== Data for this task ==
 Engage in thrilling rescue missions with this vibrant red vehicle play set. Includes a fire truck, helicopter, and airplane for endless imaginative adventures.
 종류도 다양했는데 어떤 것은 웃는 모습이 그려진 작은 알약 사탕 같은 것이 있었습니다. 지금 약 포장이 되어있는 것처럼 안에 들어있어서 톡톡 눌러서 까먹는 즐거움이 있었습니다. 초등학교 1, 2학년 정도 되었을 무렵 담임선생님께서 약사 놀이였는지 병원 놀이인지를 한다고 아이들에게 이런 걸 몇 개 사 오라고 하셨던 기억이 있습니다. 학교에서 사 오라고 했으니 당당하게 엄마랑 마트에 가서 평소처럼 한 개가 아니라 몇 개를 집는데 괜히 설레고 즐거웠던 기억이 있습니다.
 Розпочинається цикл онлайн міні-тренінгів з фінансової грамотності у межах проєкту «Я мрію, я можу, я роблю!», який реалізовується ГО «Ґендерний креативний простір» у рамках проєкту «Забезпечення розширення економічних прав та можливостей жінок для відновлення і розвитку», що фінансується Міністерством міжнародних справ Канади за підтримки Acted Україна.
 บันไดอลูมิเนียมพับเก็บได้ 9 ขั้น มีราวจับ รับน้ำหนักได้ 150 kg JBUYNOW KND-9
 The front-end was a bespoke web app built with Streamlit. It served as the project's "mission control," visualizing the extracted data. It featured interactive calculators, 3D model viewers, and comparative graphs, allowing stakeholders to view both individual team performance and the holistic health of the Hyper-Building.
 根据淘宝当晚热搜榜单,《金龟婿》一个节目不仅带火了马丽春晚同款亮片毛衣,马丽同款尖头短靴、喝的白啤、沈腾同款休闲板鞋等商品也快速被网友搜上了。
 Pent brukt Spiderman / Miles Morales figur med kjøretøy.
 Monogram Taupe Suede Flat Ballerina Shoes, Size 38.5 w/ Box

==

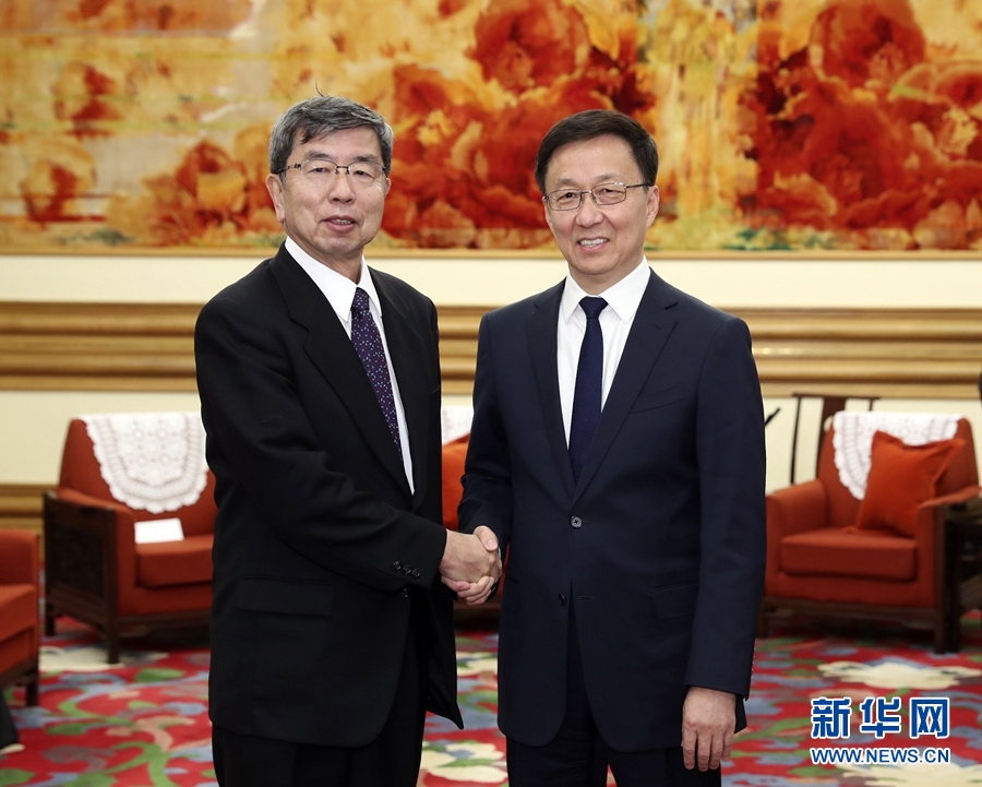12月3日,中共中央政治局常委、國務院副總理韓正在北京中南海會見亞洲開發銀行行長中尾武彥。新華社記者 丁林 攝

== Task requirements ==
Reproducing the whole listing above is not the task. Copy exactly only the lines from the one with "종류도 다양했는데 어떤" to the one with "บันไดอลูมิเนียมพับเก็บได้ 9 ขั้น", both kept.

== Solution for this problem ==
 종류도 다양했는데 어떤 것은 웃는 모습이 그려진 작은 알약 사탕 같은 것이 있었습니다. 지금 약 포장이 되어있는 것처럼 안에 들어있어서 톡톡 눌러서 까먹는 즐거움이 있었습니다. 초등학교 1, 2학년 정도 되었을 무렵 담임선생님께서 약사 놀이였는지 병원 놀이인지를 한다고 아이들에게 이런 걸 몇 개 사 오라고 하셨던 기억이 있습니다. 학교에서 사 오라고 했으니 당당하게 엄마랑 마트에 가서 평소처럼 한 개가 아니라 몇 개를 집는데 괜히 설레고 즐거웠던 기억이 있습니다.
 Розпочинається цикл онлайн міні-тренінгів з фінансової грамотності у межах проєкту «Я мрію, я можу, я роблю!», який реалізовується ГО «Ґендерний креативний простір» у рамках проєкту «Забезпечення розширення економічних прав та можливостей жінок для відновлення і розвитку», що фінансується Міністерством міжнародних справ Канади за підтримки Acted Україна.
 บันไดอลูมิเนียมพับเก็บได้ 9 ขั้น มีราวจับ รับน้ำหนักได้ 150 kg JBUYNOW KND-9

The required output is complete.